Note that this is not a speed-optimized scan at this point (but it shouldn't be brutally slow in most cases).
### Get a resultset of one.
my $resultset = $works->search(name=>{first=>'Homer'})
->search(title=>'The Iliad');
And you can search against multiple values:
### Search against title and date to get Ovid's I<Metamorphosis> (yeah, I
### realize his was plural, but give me a break here =)
### Get the set.
my $resultset = $works->search(
title => 'Metamorphosis',
date => 'AD 8'
);
### Get the item.
my $result = $works->find(
title => 'Metamorphosis',
date => 'AD 8'
);
When should this module be used?
You might want to use this module if the following are generally true:
- You aren't desparate for speed.
- You want to be able to search (and subsearch!) your sets easily.
- You want ordered sets.
When shouldn't this module be used?
This module probably isn't right for you if you:
- Need it fast, fast, fast!
- You don't care about searching your sets.
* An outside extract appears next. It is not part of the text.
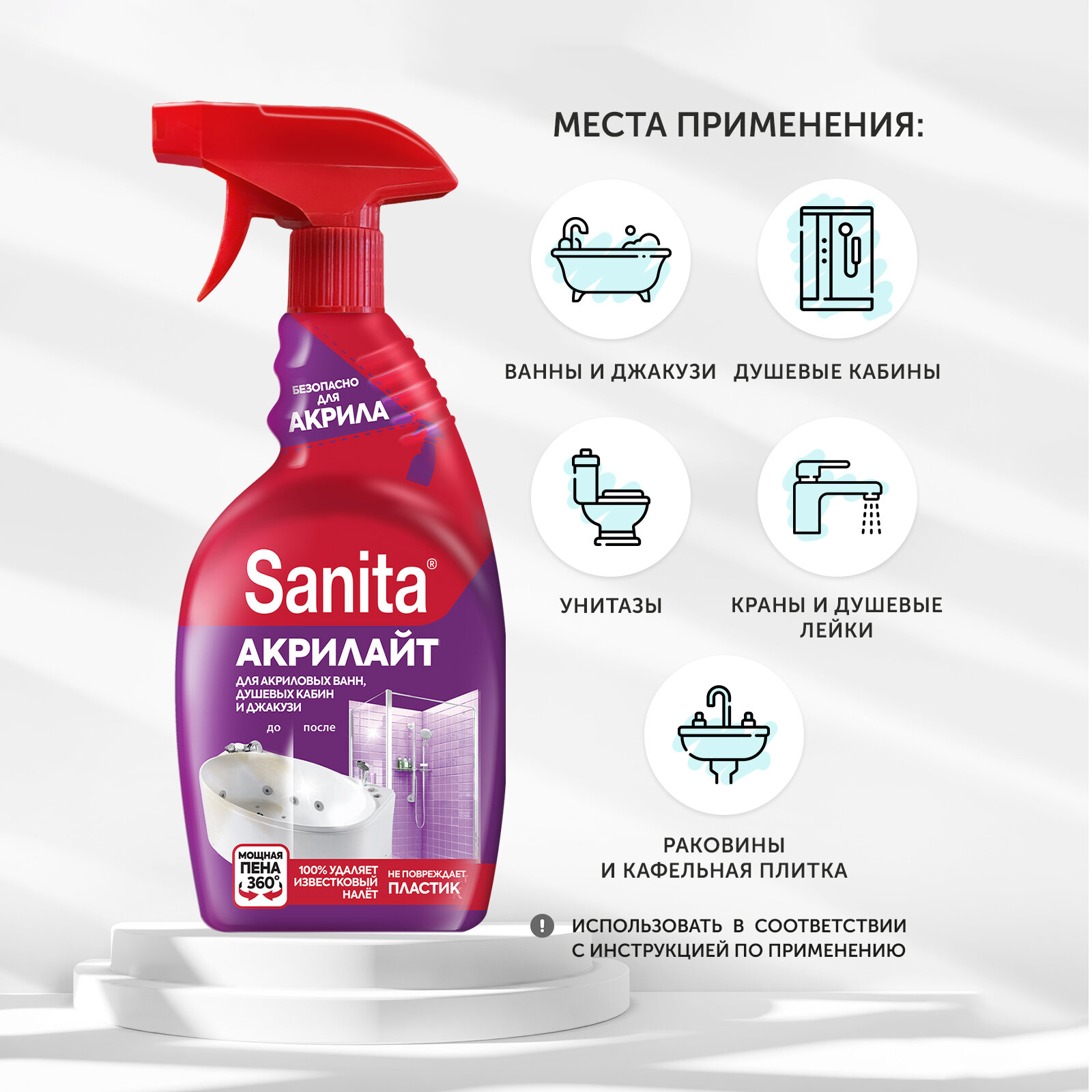 Чистящее средство для удаления известкового налета, Sanita, Акрилайт, спрей, 500 мл 441 ₽

- You don't care about ordering your sets.
In these are true, I would take a look at Set::Object instead.
NOTES
Set::Toolkit sets contain "things" or "members" or "elements". I've avoided saying "objects" because you can really store anything in these sets, from scalars, to objects, to references.
Set::Toolkit does not currently support "weak" sets as defined by Set::Object.
Because uniqueness is not enforced by keying into a hash, scalars are not flattened into strings and will not lose their magicks.
SPECIAL DISCLAIMER
This is the first module I've released. I'm open to constructive critiques, bug reports, patches, doc patches, requests for documentation clarification, and so forth. Be gentle =)
AUTHOR
Sir Robert Burbridge, <sirrobert at gmail.com>
BUGS
Please report any bugs or feature requests to bug-set-toolkit at rt.cpan.org
, or through the web interface at http://rt.cpan.org/NoAuth/ReportBug.html?Queue=Set::Toolkit. I will be notified, and then you'll automatically be notified of progress on your bug as I make changes.
SUPPORT
You can find documentation for this module with the perldoc command.
perldoc Set::Toolkit
RT: CPAN's request tracker
AnnoCPAN: Annotated CPAN documentation
CPAN Ratings
Search CPAN
ACKNOWLEDGEMENTS
Thanks to Jean-Louis Leroy and Sam Vilain, the developers/maintainers of Set::Object, for lots of concepts, etc. I'm not actually using any borrowed code under the hood, but I plan to in the future.
COPYRIGHT & LICENSE
Copyright 2010 Sir Robert Burbridge, all rights reserved.
This program is free software; you can redistribute it and/or modify it under the same terms as Perl itself.